All adverse effects are related to vasodilation and decrease in blood flow (most blood supply in the periphery):
- throbbing headache, dizziness, weakness, hypotension, reflex tachycardia
What are the two main drug-drug interactions with nitrates?
- erectile dysfunction drugs can cause life-threatening hypotension (phosphodiesterase-5 inhibitors)
- alcohol (vasodilator)
Why would a beta antagonist be prescribed for angina pectoris? What is it mode of action?
- first line therapy for prevention of chronic stable angina
- blocks the sympathetic innervation to the heart reducing cardiac workload, slowing heart rate and reducing contractility. Together, these changes decrease oxygen demand
- beta blockers help to decrease the frequency and intensity of angina attacks with no risk of tolerance
- beta blockers are ideal for clients with HTN & CAD
What populations (3 in particular) should be cautioned about using beta blockers?
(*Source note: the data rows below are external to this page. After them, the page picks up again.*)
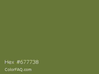 Hex #677738 Color is a normal lime color and the nearest color is Dingley #5d7747. Hex code #677738 and RGB value is rgb(103,119,56). In RGB color space, this color is composed of 40% red, 47% green, 22% blue, In CMYK color space, this color is composed of 13% cyan, 0% magenta, 53% yellow , 53% black , In HSL color space, this color has a hue angle of 75° , 36% saturation and 34% lightness.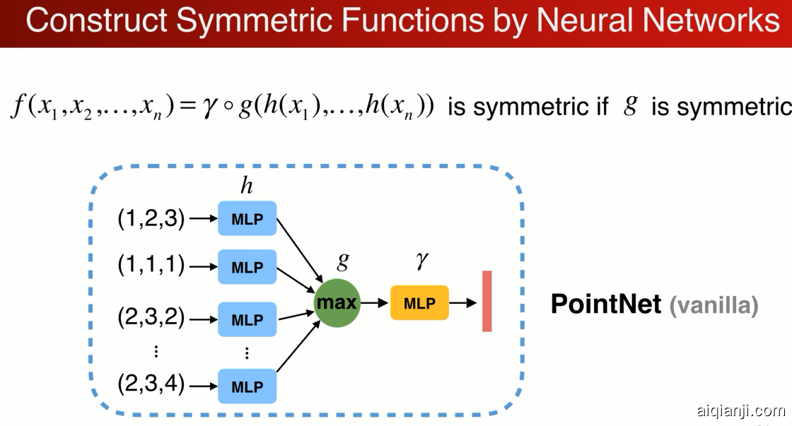 与其说直接做对称性可以先把每个点映射到高维空间,在高维空间中做对称性的操作,高维空间可以是一个冗余的,在max操作中通过冗余可以避免信息的丢失,可以保留足够的点云信息,再通过一个网络r来进一步 消化信息得到点云的特征。这就是函数hgγ的组合。每个点都做h低位到高位的映射,G是对称的那么整个结构就都是对称的。下图就是原始的pointnet结构。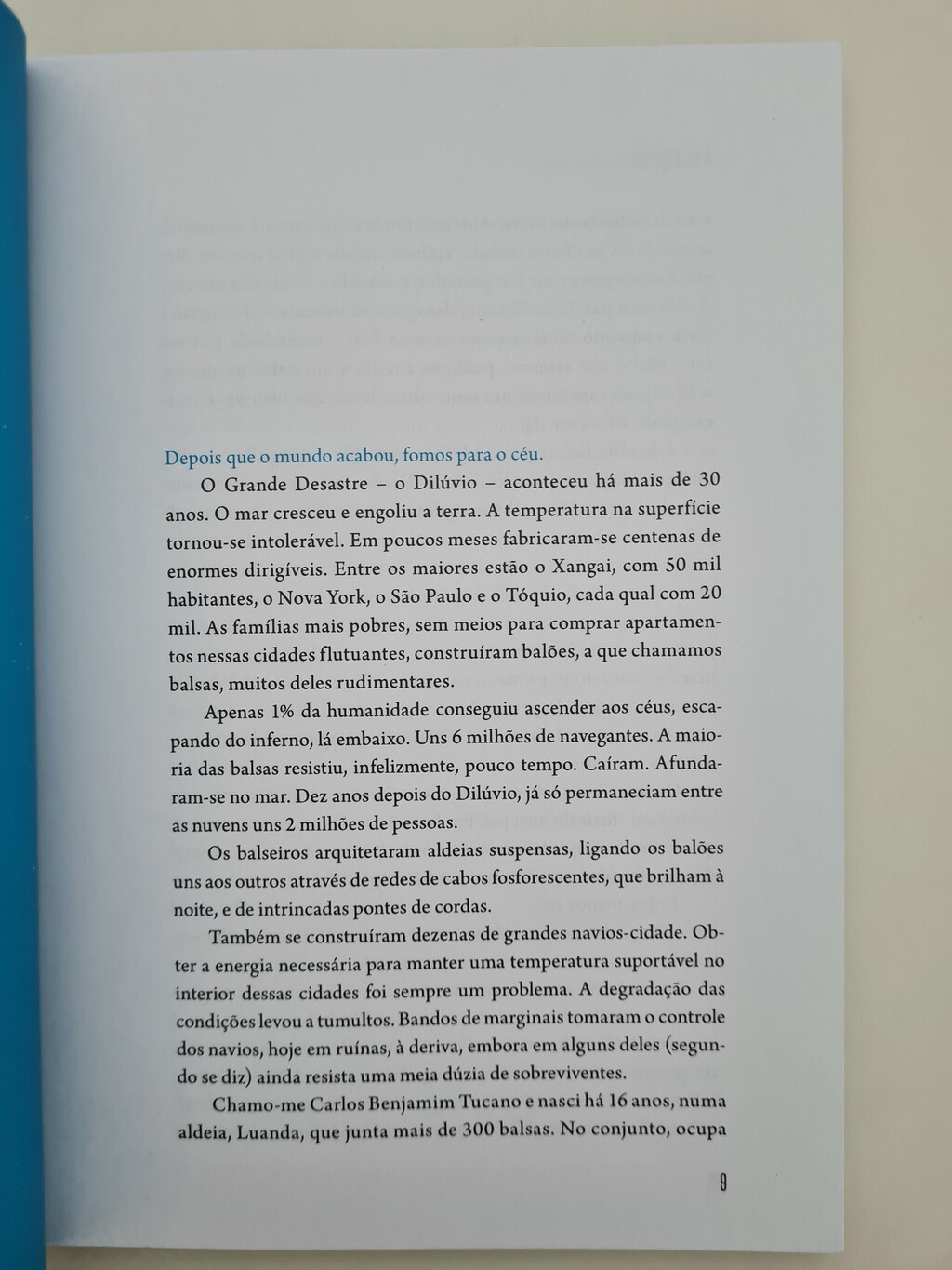 Após o Dilúvio causado pelo aquecimento global os sobreviventes construíram sociedades flutuantes. Entre as maiores cidades estão os dirigíveis São Paulo, Tóquio e Nova York. As cidades menores e mais pobres se organizaram em balões, formando aldeias. Quem nos conduz na história é Carlos, um adolescente angolano de 16 anos. Ele vive em Luanda, um conjunto de balsas que escolheu como negócio os livros, tornando-se uma aldeia biblioteca.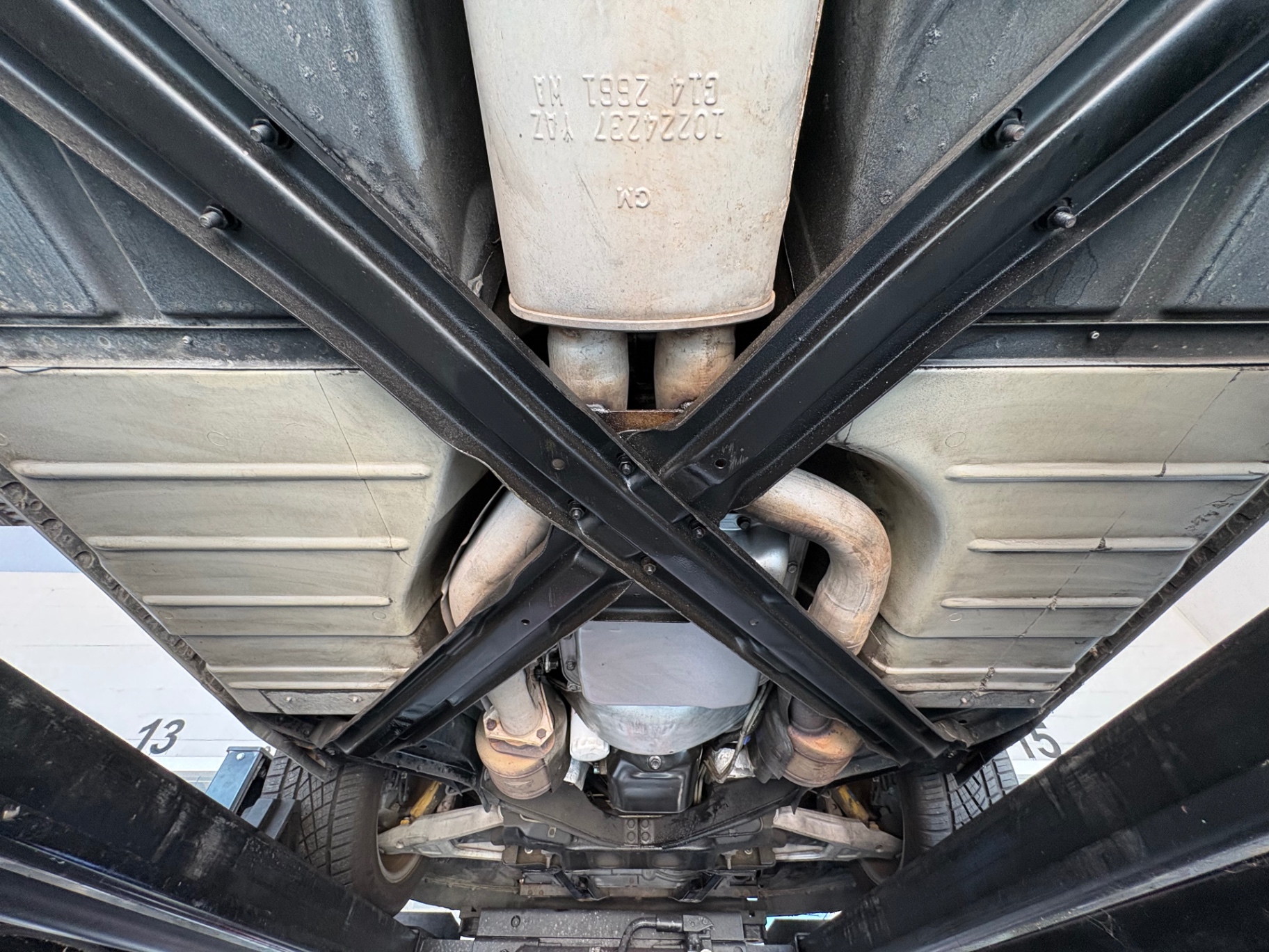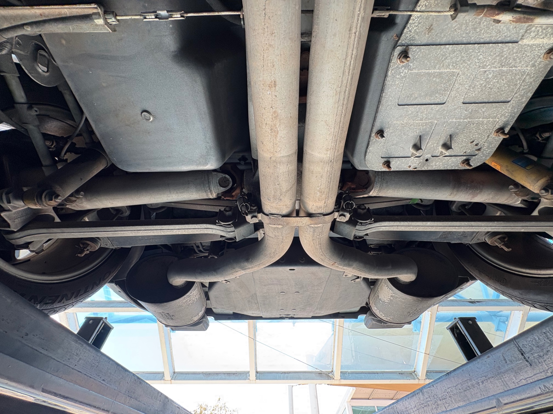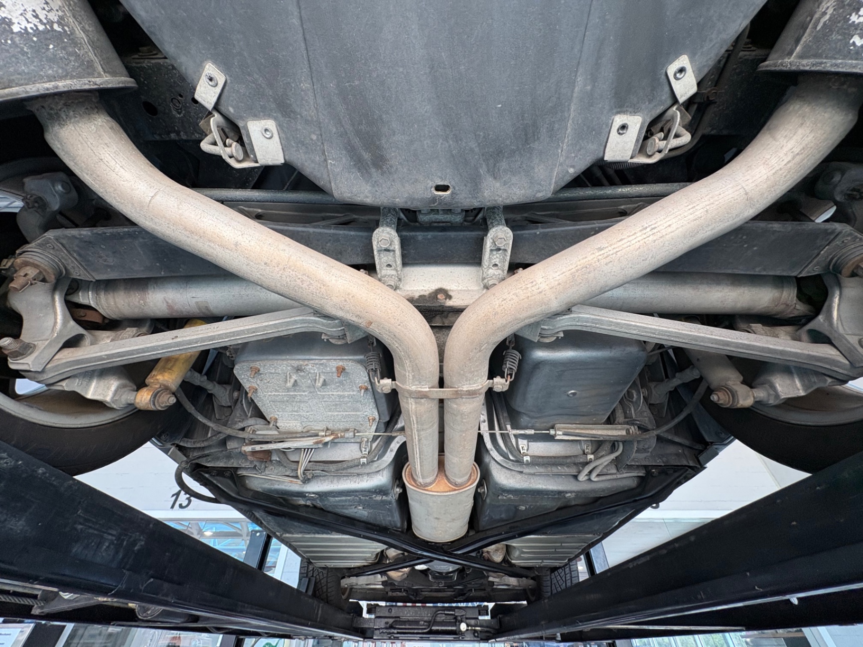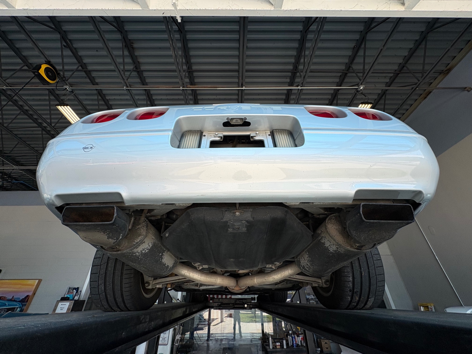 The dual exhaust exits through rectangular tips tucked under the rear fascia, a signature look of the C4 generation. The undercarriage photo included in this listing shows the car was put on a lift for inspection — the exhaust routing and underbody structure are visible and worth examining for any buyer who wants to verify condition before committing.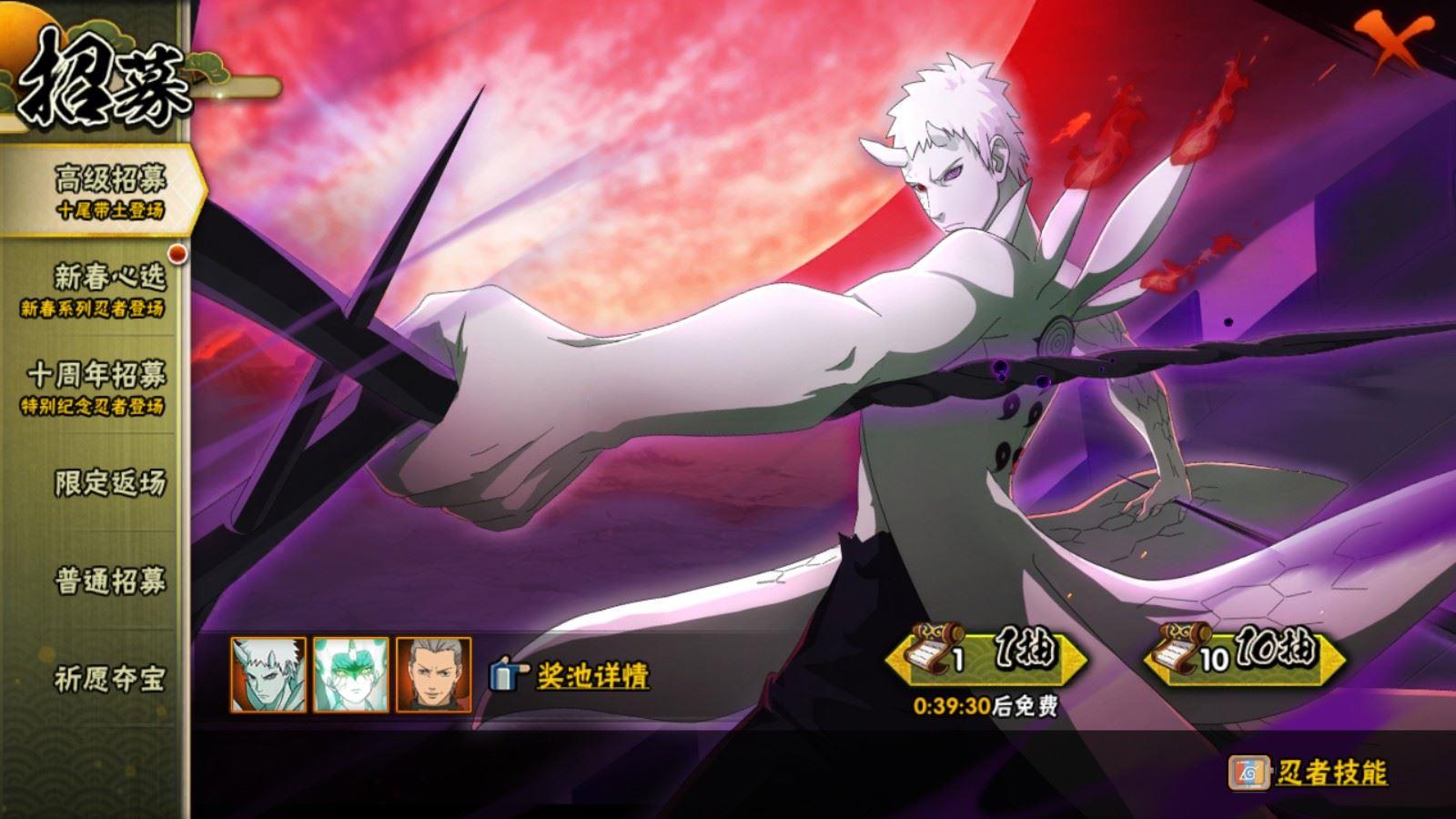 【S忍者】宇智波带土「十尾人柱力」,宇智波佐助「漩涡鸣人」,宇智波佐助「永恒万花筒」,迈特凯「S门」,自来也「舞之豪杰」,药师兜「仙人模式」,宇智波斑「白面具」,千手扉间「秽土转生」,纲手「百豪」,波风水门「秽土转生」,宇智波鼬「须佐能乎」,佩恩「天道」,波风水门,大蛇丸,纲手,

- use with caution in those with asthma and COPD (block sympathetic input to the lungs)
- exacerbated depression (adrenergic tone has an effect on mood)
- hypoglycemia risk for diabetics (inhibited SNS masks hypoglycemia symptoms)
What are some adverse effects of beta adrenergic antagonists?
fatigue, weakness, bradycardia, hypotension, sleep disturbances
Why is a rapid withdrawal from beta blockers discouraged? (in terms of treating angina pectoris)
- rapid withdrawal worsens angina symptoms.